Гул сразу стих, и это меня подбодрило. Если моя воля способна противостоять ужасным силам, владеющим домом, возможно, она способна и победить их? Нужно провести ночь в спальне Сола, в его постели, и я узнаю, что ему пришлось пережить. Узнав же, смогу помочь.

Я так уверовал в могущество своей воли, что не задумался ни на секунду — а мои ли это мысли?..

Перепрыгивая через ступеньки, я поспешил наверх, в спальню брата.
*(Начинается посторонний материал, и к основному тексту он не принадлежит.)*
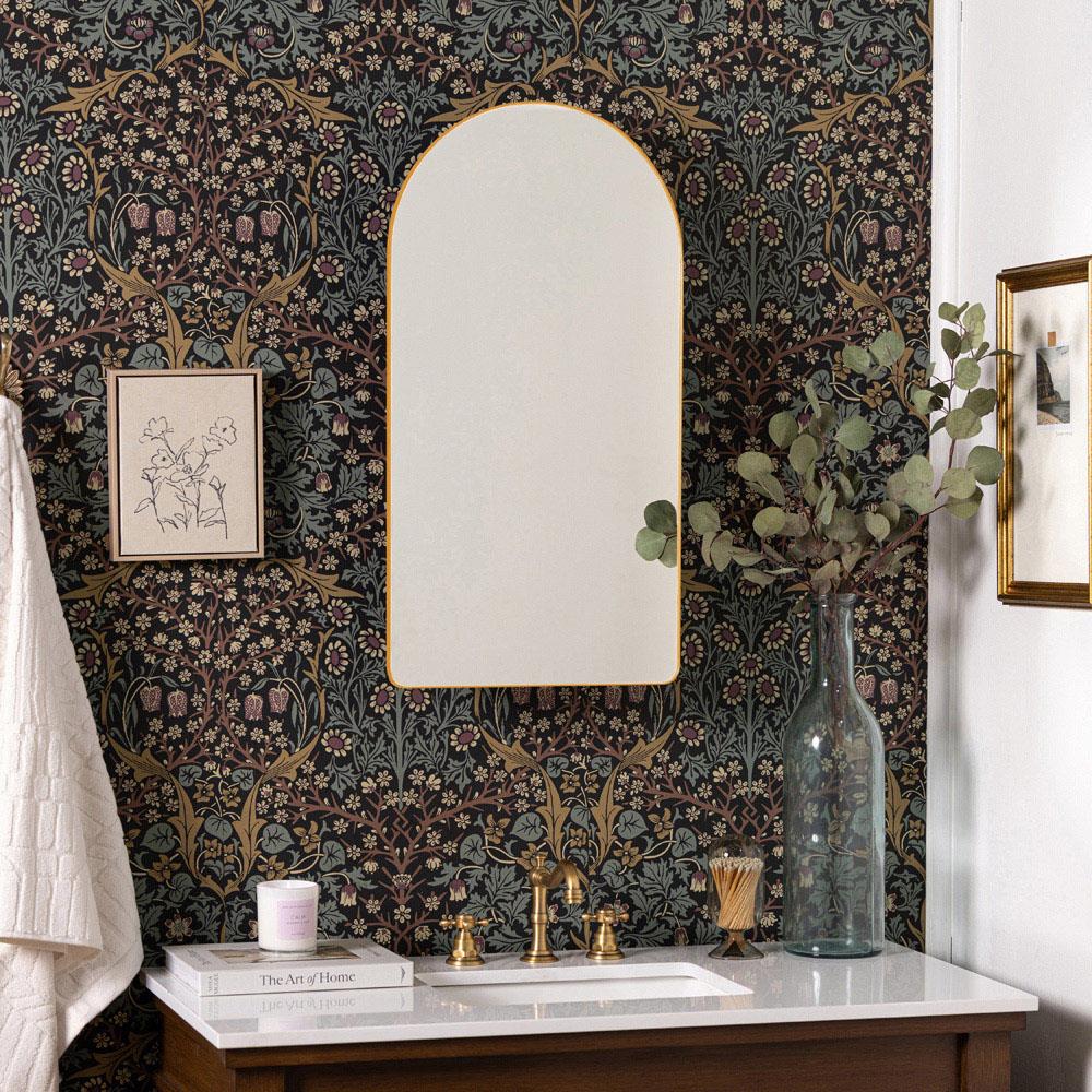 • Alaina Modern Classic Black Arched Medicine Cabinet Mirror|Kathy Kuo Home

Там быстро скинул пальто, пиджак, развязал галстук. Уселся на кровать. Посидел немного, лег и стал смотреть в потолок. Я не хотел закрывать глаза, но был еще слишком слаб на самом деле и вскоре незаметно заснул.

Всего на миг, казалось, и тут же проснулся — охваченный томлением, которое нельзя было назвать неприятным. И нисколько меня не удивившим. Темнота как будто ожила. Она мерцала под моим взглядом, обволакивала теплом, сулившим плотские радости, хотя рядом не было никого, кто мог бы их доставить.

Явилась мысль о брате, но сразу исчезла, словно ее выдернули из сознания невидимой рукой.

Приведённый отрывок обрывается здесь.